Jerome Rothenberg has recently posted an excerpt from the 1989 Tanner Lecture on Human Values, Poetry & Modernity, by Octavio Paz, winner of the 1990 Nobel Prize in Literature. This lecture may be of considerable interest to students of Corbin. As I have mentioned in these posts I think that our understanding of Corbin's work is deepened by seeing him as part of the Romantic tradition (particularly as re-conceived by Rothenberg and Robinson). This essay by Paz helps clarify Corbin's place within that tradition and I recommend it in its entirety. I have pulled a short excerpt from Rothenberg's blog here - there is a link to the full text from the University of Utah below.

Octavio Paz:

"The relation between romanticism and modernity is both filial and contentious. Romanticism was the child of the age of criticism, and change prompted its conception and birth and was its distinguishing feature. It was the great change not only in the arts and letters, but also in imagination, sensibility, taste, and ideas. It was a morality, an eroticism, a politics, a way of dressing and a way of loving, a way of living and of dying. A rebellious child, romanticism was a criticism of rational criticism; it replaced successive historical time with a time of origin, before history, and the utopian future with the instantaneous present of the passions, love and the flesh. Romanticism was the great negation of modernity as it had been conceived in the eighteenth century by critical, utopian, and revolutionary reason. But it was a negation that remained within modernity. Only an age of criticism could have produced such a total negation.

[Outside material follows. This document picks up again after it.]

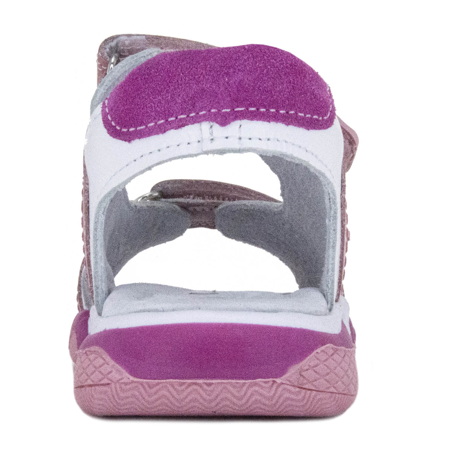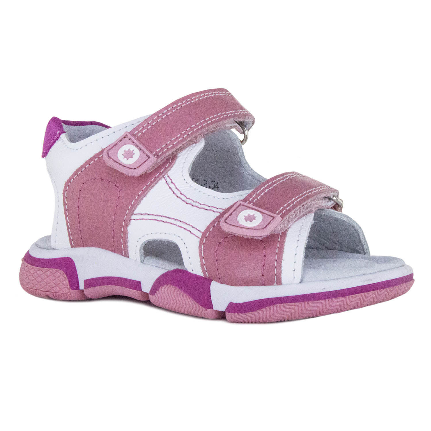 Стильные детские сандалии специально созданы для профилактики и коррекции начальных форм плоскостопия. Комфортная летняя обувь для девочек точно фиксирует стопу, плотный задник PreVent не дает заваливаться пятке. Съемная ортопедическая стелька StepEx поддерживает наружный и внутренний своды стопы и дает необходимую амортизацию при ходьбе. Ортопедические сандалии изготовлены из практичных материалов: верх - натуральная кожа и подклад - кожподкладка, что гарантирует идеальный микроклимат и износостойкость обуви.

Romanticism coexisted with modernity, time after time merging with it only in order to transgress it. These transgressions assumed many forms but only two modes: analogy and irony. I take the first to mean “the vision of the universe as a system of correspondences and the vision of language as a double of the universe." It is a very ancient tradition, reelaborated and transmitted by Renaissance Neoplatonism through various hermetic traditions of the sixteenth and seventeenth centuries. Having nourished the philosophical and libertine sects of the eighteenth century, it was recognized by the romantics and their followers through to our own era. It is the central, albeit underground, tradition of modern poetry, from the first romantics to William Butler Yeats, Rainer Maria Rilke, and the surrealists. Simultaneous to this vision of universal correspondence, its enemy-twin appeared: irony. It was the rip in the fabric of analogies, the exception that ruptured the correspondences. If analogy may be conceived as a fan which, unfolded, displays the resemblances between this and that, microcosm and macrocosm, stars, men, and worms, then irony tears the fan to pieces. Irony is the dissonance that disrupts the concert of the correspondences, turning it into cacophony. Irony has many names: it is the anomaly, the deviation, the bizarre, as Baudelaire called it. In a word, it is that great accident: death.

Analogy steeps itself in myth; its essence is rhythm, the cyclical time of appearances and disappearances, deaths and resurrections. Irony is the coming of criticism to the kingdom of imagination and sensibility; its essence is linear time which leads to death — the death of both man and the gods. Twin transgressions: analogy replaces the linear time of history and the canonization of the utopian future with the cyclical time of myth; irony, in turn, sheds mythic time in order to affirm the lapses in contingency, the plurality of gods and myths, the death of God and his creatures. The twin ambiguities of romantic poetry: it was revolutionary, but it occurred alongside, not as part of, the revolutions of the century; at the same time, its spirituality was a transgression of the Christian denominations. The history of modern poetry, from romanticism to symbolism, is the history of various manifestations of the two principles by which it has been composed since its birth: analogy and irony." (Translated by Eliot Weinberger)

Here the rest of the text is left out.